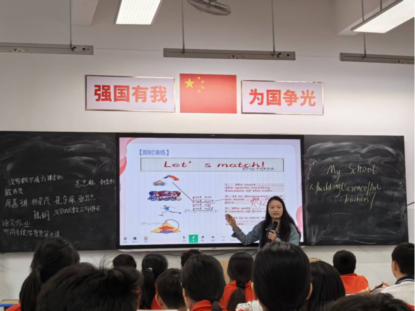 随后,实习教师陈广润展示了一节英语公开课。陈韵桥在课后点评中认为,该课堂气氛轻松活跃,教学目标明确清晰,教学过程层层递进,体现了良好的课堂组织能力。同时,也指出课程的活动设计可进一步优化,建议增强英语语言的实际运用,以更贴合英语教学的实际需求。
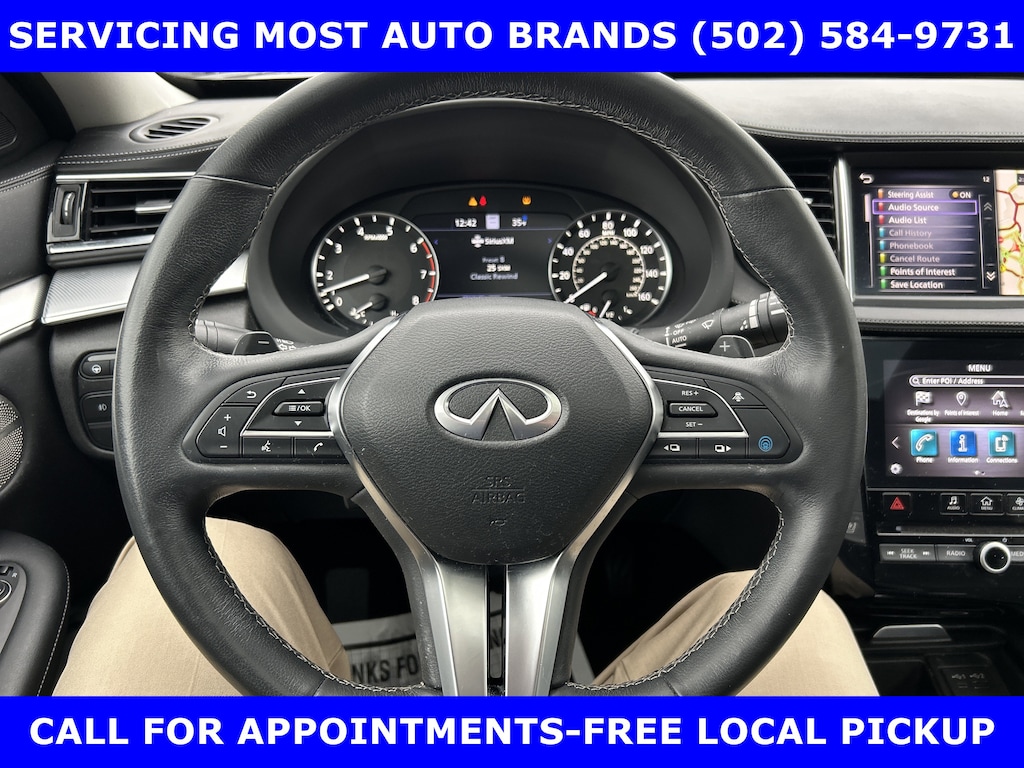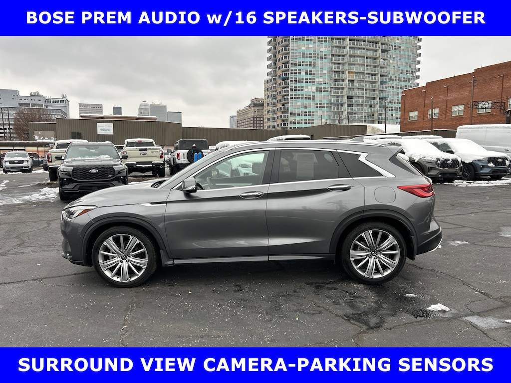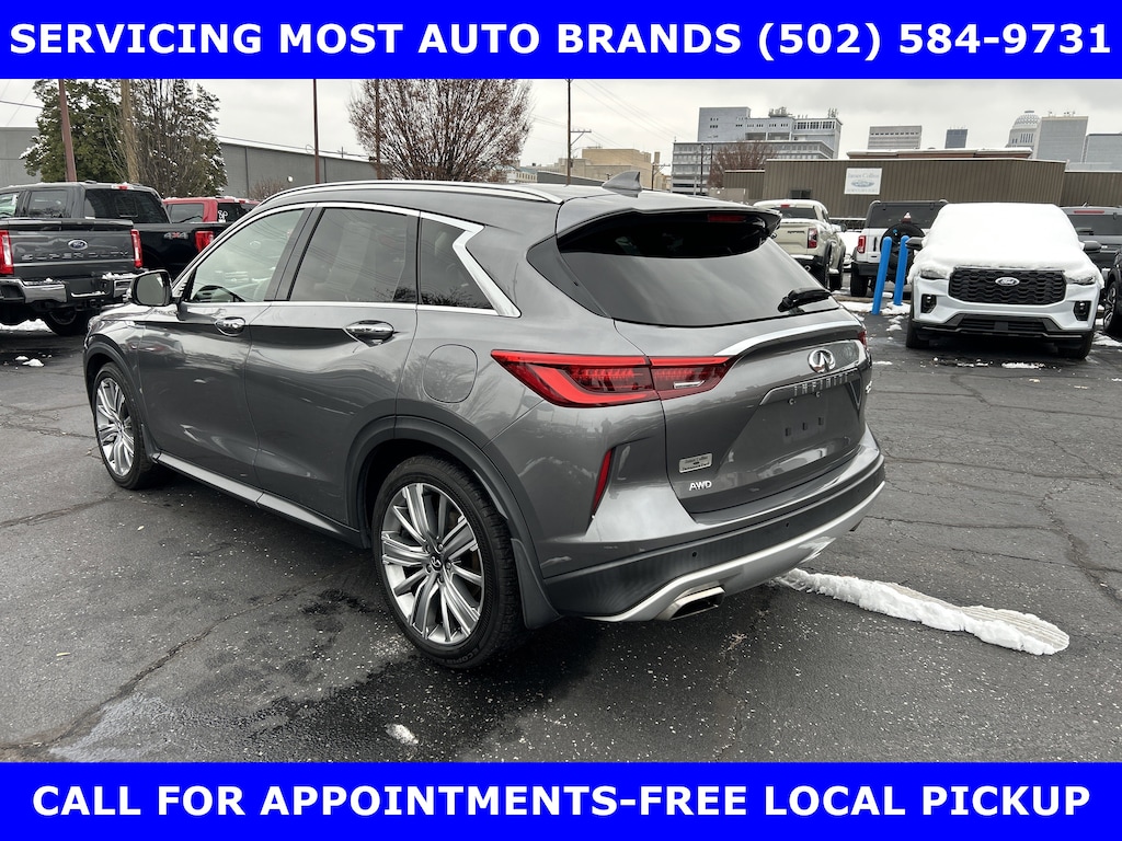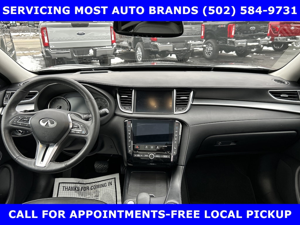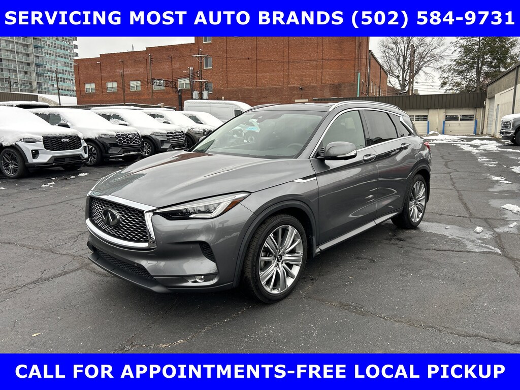 FORD BLUE ADVANTAGE BLUE CERTIFIED WARRANTY* LOCAL NEW FORD TRADE-QX50 AWD 2.0L VC TURBO w/POWER SUNROOF-POWER HEATED COOLED LEATHER FRONT SEATS-BOSE PERFORMANCE SERIES SOUND w/16 SPEAKERS-SUBWOOFER-SURROUND VIEW CAMERA w/FRONT & REAR PARKING SENSOR-HEATED MIRRORS-HEATED STEERING-20 ALLOYS. SHOP & BUY FROM HOME. VERY CLEAN CONDITION. FREE METRO DELIVERY AVAILABLE. AUTOCHECK VEHICLE REPORT 'ZERO' REPORTED ACCIDENTS. CALL (502) 584-9731 FOR INFORMATION ON USED VEHICLES. JAMES COLLINS FORD-LOUISVILLE KY WWW.JAMESCOLLINSFORD.COM, PLUS TAX LICENSE, & FEES. *FORD BLUE ADVANTAGE® BLUE CERTIFIED VEHICLES ARE COVERED BY A FACTORY BACKED LIMITED WARRANTY: -- FOR A FORD, BUICK, CHEVROLET, CHRYSLER, DODGE, GMC, HONDA, JEEP, MAZDA, NISSAN, RAM, SUBARU, OR TOYOTA VEHICLE, 3-MONTH/4,000-MILE COMPREHENSIVE LIMITED WARRANTY BEGINS AT THE EXPIRATION OF THE NEW-VEHICLE LIMITED WARRANTY OR THE SIGNATURE DATE OF THE FORD BLUE ADVANTAGE® -- BLUE CERTIFIED VEHICLE PURCHASE (WHICHEVER COMES LATER) -- FOR OTHER MANUFACTURERS NOT LISTED ABOVE, COMPREHENSIVE COVERAGE IS PROVIDED FOR 3 MONTHS OR 4,000 MILES, WHICHEVER COMES FIRST, FROM THE SIGNATURE DATE OF THE FORD BLUE ADVANTAGE -- BLUE CERTIFIED PURCHASE. -- COMPREHENSIVE LIMITED WARRANTY COVERING 1,000+ COMPONENTS * 14-DAY OR 1,000-MILE MONEY BACK GUARANTEE, WHICHEVER COMES FIRST (SEE MONEY BACK GUARANTEE OPERATIONS GUIDE FOR FULL DETAILS.) * 11,000 FORDPASS® REWARDS POINTS TO USE TOWARD SCHEDULED MAINTENANCE VISITS OR OTHER REWARDS * SIRIUSXM THREE-MONTH COMPLIMENTARY TRIAL * CERTIFIED LIMITED WARRANTY INCLUDES: -- ROADSIDE ASSISTANCE FOR THREE MONTHS -- RENTAL CAR REIMBURSEMENT -- DESTINATION EXPENSE REIMBURSEMENT * VEHICLE ELIGIBILITY REQUIREMENTS ARE: -- CURRENT PLUS NINE PREVIOUS MODEL YEARS -- LESS THAN 150,000 ACTUAL MILES *TO BE CERTIFIED, ALL VEHICLES MUST PASS UP TO A 139-POINT INSPECTION, ENSURING THAT THE VEHICLE IS CLEAN AND MECHANICALLY SOUND (OIL CHANGE, FLUIDS TOPPED OFF, ETC.). LARGE SELECTION OF HIGHEST QUALITY PRE-OWNED, FORD GOLD & FORD BLUE ADVANTAGE CERTIFIED FORD VEHICLES FOR LESS, NEW INVENTORY ARRIVING DAILY, IF YOU DON'T SEE WHAT YOU WANT, WE CAN FIND IT FOR YOU AT NO ADDITIONAL CHARGE. FREE DELIVERY IN LOUISVILLE METRO AREA. WE OFFER 15 APPROVED LENDERS TO CHOOSE FROM: LOCAL AND REGIONAL CREDIT UNIONS, FORD MOTOR CREDIT, MAJOR AND REGIONAL BANKS, SECONDARY FINANCE SOURCES AND OTHER LENDING INSTITUTIONS. WE CAN ESTABLISH OR RE-ESTABLISH CREDIT AND PAY OFF YOUR CURRENT VEHICLE EVEN AS MUCH AS $10,000 IN NEGATIVE EQUITY. PRICE DOES NOT INCLUDE $639.50 PRE/POST DELIVERY PREPARATION ADMIN FEE, DEALER INSTALLED ACCESSORIES IF ANY, STATE AND LOCAL TAXES OR STATE TITLE FEES.
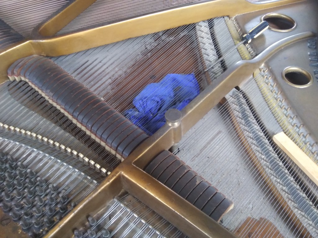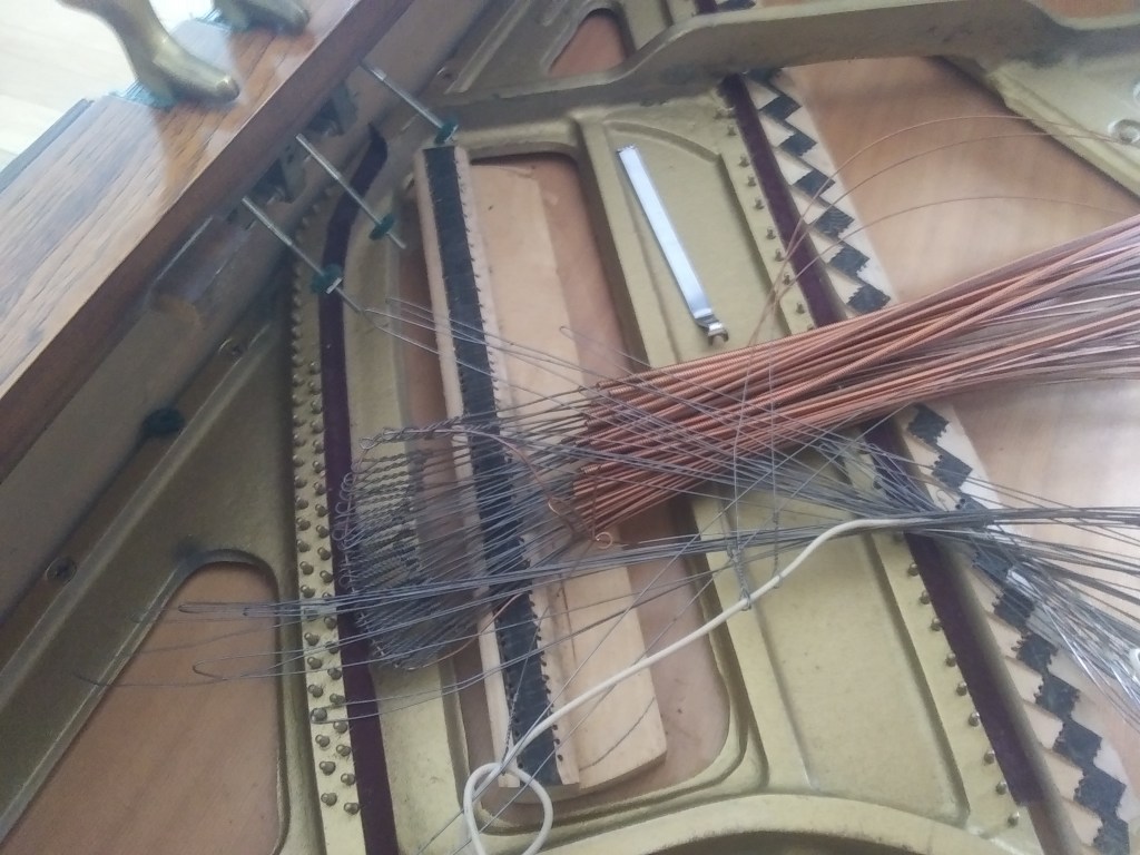 Or pictured here is a piano on which I removed almost all the strings to repair a splitting bridge.

> _Task_: Return the material above in exact form. Pictures stay out.

> _Your response_:
 随后,实习教师陈广润展示了一节英语公开课。陈韵桥在课后点评中认为,该课堂气氛轻松活跃,教学目标明确清晰,教学过程层层递进,体现了良好的课堂组织能力。同时,也指出课程的活动设计可进一步优化,建议增强英语语言的实际运用,以更贴合英语教学的实际需求。
 FORD BLUE ADVANTAGE BLUE CERTIFIED WARRANTY* LOCAL NEW FORD TRADE-QX50 AWD 2.0L VC TURBO w/POWER SUNROOF-POWER HEATED COOLED LEATHER FRONT SEATS-BOSE PERFORMANCE SERIES SOUND w/16 SPEAKERS-SUBWOOFER-SURROUND VIEW CAMERA w/FRONT & REAR PARKING SENSOR-HEATED MIRRORS-HEATED STEERING-20 ALLOYS. SHOP & BUY FROM HOME. VERY CLEAN CONDITION. FREE METRO DELIVERY AVAILABLE. AUTOCHECK VEHICLE REPORT 'ZERO' REPORTED ACCIDENTS. CALL (502) 584-9731 FOR INFORMATION ON USED VEHICLES. JAMES COLLINS FORD-LOUISVILLE KY WWW.JAMESCOLLINSFORD.COM, PLUS TAX LICENSE, & FEES. *FORD BLUE ADVANTAGE® BLUE CERTIFIED VEHICLES ARE COVERED BY A FACTORY BACKED LIMITED WARRANTY: -- FOR A FORD, BUICK, CHEVROLET, CHRYSLER, DODGE, GMC, HONDA, JEEP, MAZDA, NISSAN, RAM, SUBARU, OR TOYOTA VEHICLE, 3-MONTH/4,000-MILE COMPREHENSIVE LIMITED WARRANTY BEGINS AT THE EXPIRATION OF THE NEW-VEHICLE LIMITED WARRANTY OR THE SIGNATURE DATE OF THE FORD BLUE ADVANTAGE® -- BLUE CERTIFIED VEHICLE PURCHASE (WHICHEVER COMES LATER) -- FOR OTHER MANUFACTURERS NOT LISTED ABOVE, COMPREHENSIVE COVERAGE IS PROVIDED FOR 3 MONTHS OR 4,000 MILES, WHICHEVER COMES FIRST, FROM THE SIGNATURE DATE OF THE FORD BLUE ADVANTAGE -- BLUE CERTIFIED PURCHASE. -- COMPREHENSIVE LIMITED WARRANTY COVERING 1,000+ COMPONENTS * 14-DAY OR 1,000-MILE MONEY BACK GUARANTEE, WHICHEVER COMES FIRST (SEE MONEY BACK GUARANTEE OPERATIONS GUIDE FOR FULL DETAILS.) * 11,000 FORDPASS® REWARDS POINTS TO USE TOWARD SCHEDULED MAINTENANCE VISITS OR OTHER REWARDS * SIRIUSXM THREE-MONTH COMPLIMENTARY TRIAL * CERTIFIED LIMITED WARRANTY INCLUDES: -- ROADSIDE ASSISTANCE FOR THREE MONTHS -- RENTAL CAR REIMBURSEMENT -- DESTINATION EXPENSE REIMBURSEMENT * VEHICLE ELIGIBILITY REQUIREMENTS ARE: -- CURRENT PLUS NINE PREVIOUS MODEL YEARS -- LESS THAN 150,000 ACTUAL MILES *TO BE CERTIFIED, ALL VEHICLES MUST PASS UP TO A 139-POINT INSPECTION, ENSURING THAT THE VEHICLE IS CLEAN AND MECHANICALLY SOUND (OIL CHANGE, FLUIDS TOPPED OFF, ETC.). LARGE SELECTION OF HIGHEST QUALITY PRE-OWNED, FORD GOLD & FORD BLUE ADVANTAGE CERTIFIED FORD VEHICLES FOR LESS, NEW INVENTORY ARRIVING DAILY, IF YOU DON'T SEE WHAT YOU WANT, WE CAN FIND IT FOR YOU AT NO ADDITIONAL CHARGE. FREE DELIVERY IN LOUISVILLE METRO AREA. WE OFFER 15 APPROVED LENDERS TO CHOOSE FROM: LOCAL AND REGIONAL CREDIT UNIONS, FORD MOTOR CREDIT, MAJOR AND REGIONAL BANKS, SECONDARY FINANCE SOURCES AND OTHER LENDING INSTITUTIONS. WE CAN ESTABLISH OR RE-ESTABLISH CREDIT AND PAY OFF YOUR CURRENT VEHICLE EVEN AS MUCH AS $10,000 IN NEGATIVE EQUITY. PRICE DOES NOT INCLUDE $639.50 PRE/POST DELIVERY PREPARATION ADMIN FEE, DEALER INSTALLED ACCESSORIES IF ANY, STATE AND LOCAL TAXES OR STATE TITLE FEES.
 Or pictured here is a piano on which I removed almost all the strings to repair a splitting bridge.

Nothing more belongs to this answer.